Open wangsiyu opened 5 years ago
Hi @wangsiyu can you please try with NCCL 2.4.7 and see if it fixes the issue? Thanks!
I have the same issue. @wangsiyu you solve it? Thanks in advance.
I worked around this problem by NCCL_LL_THRESHOLD=0. It seems that it is a bug in 2.4.2. Although I did not upgrade nccl version. But I think this bug has been fixed in 2.4.6 according to its release note. Thanks very much!
I can reproduce it on 2.4.7
Can you explain more in details what you could reproduce with 2.4.7 ? Do you have a hang, which can be solved by setting NCCL_LL_THRESHOLD=0 ? Is it a hang showing one thread is blocked in recv() ?

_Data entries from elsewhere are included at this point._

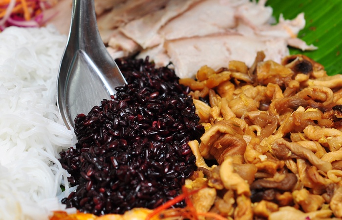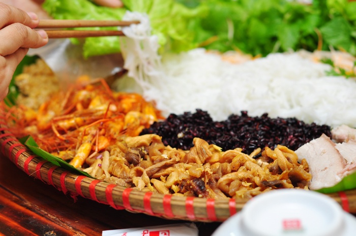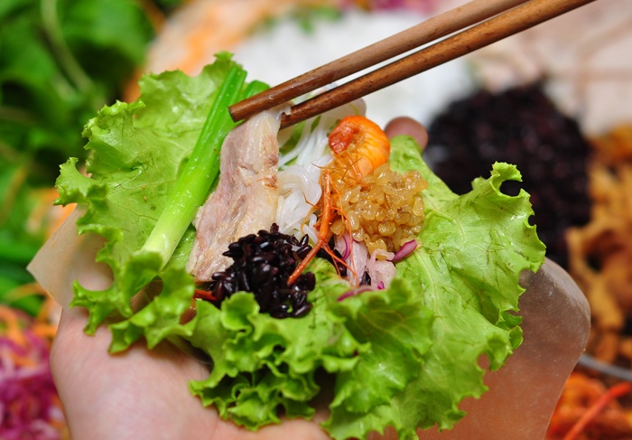Một mẹt cuốn có tới chục vị. Điều đặc biệt là ngoài tôm, thịt, rau sống… quen thuộc thì trên mẹt có cả nếp trắng, nếp cẩm mà chủ quán gọi chung là cơm rượu – thứ nguyên liệu dường như… chẳng liên quan. “Nhưng đây là kiểu ăn của các cụ ngày xưa đấy!”, anh chủ nhà hàng giải thích.
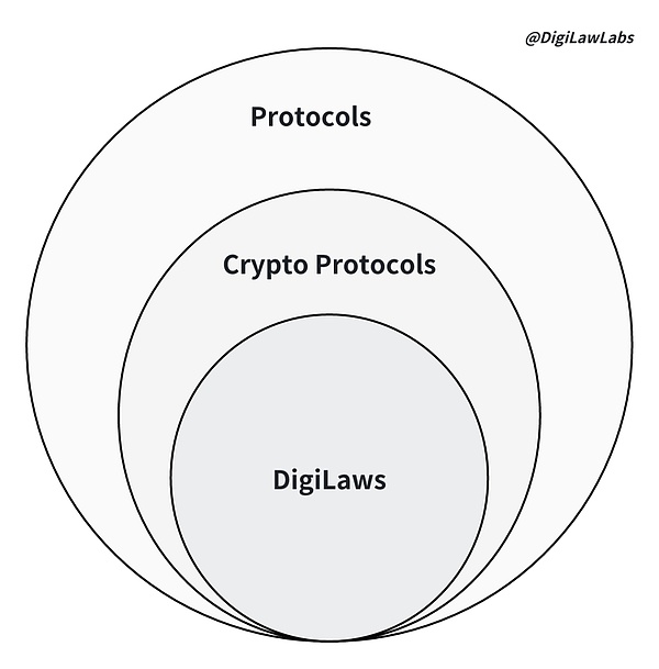 为了更好地表达这一核心洞见,我将这类“代币化的去中心协议”称为“ DigiLaw”。因为“协议”一词过于宽泛,TCP/IP 协议、巴黎气候协定、交通规则、购房合同甚至口头约定等都是协议,但与我们这里要讨论的“加密协议”是两码事。如今的“加密协议”主要包含“区块链协议”和“智能合约协议”两大类,我将其中旨在以透明化的方式推进去中心化和代币化进程的这类加密协议称为“DigiLaw”(具体关系见下图)。
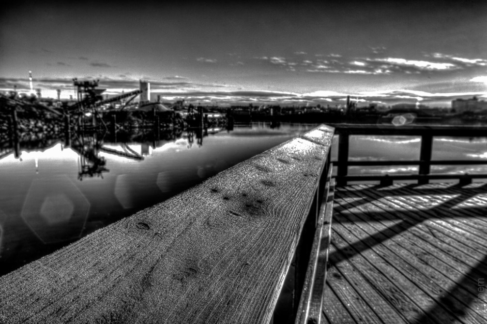 The black and white one shows more derail of the pilings and other structures along the far shore. I like it for that.

Many things could cause hangs, so maybe it would be good to open another bug to make sure it is the same issue. Also note, NCCL 2.5 is the latest stable version you might want to try, and a preview of the NCCL 2.6 is also available on the v2.6 branch : https://github.com/nvidia/nccl/tree/v2.6. Feel free to give it a try. Thanks !
I use gdb
to print the stack trace. It's blocked at
#0 syscall ... x86_64/syscall.S:38
#1 nsync::nsync_mu_semaphore_p_with_deadline(nsync::nsync_semaphore_s_*, timespec)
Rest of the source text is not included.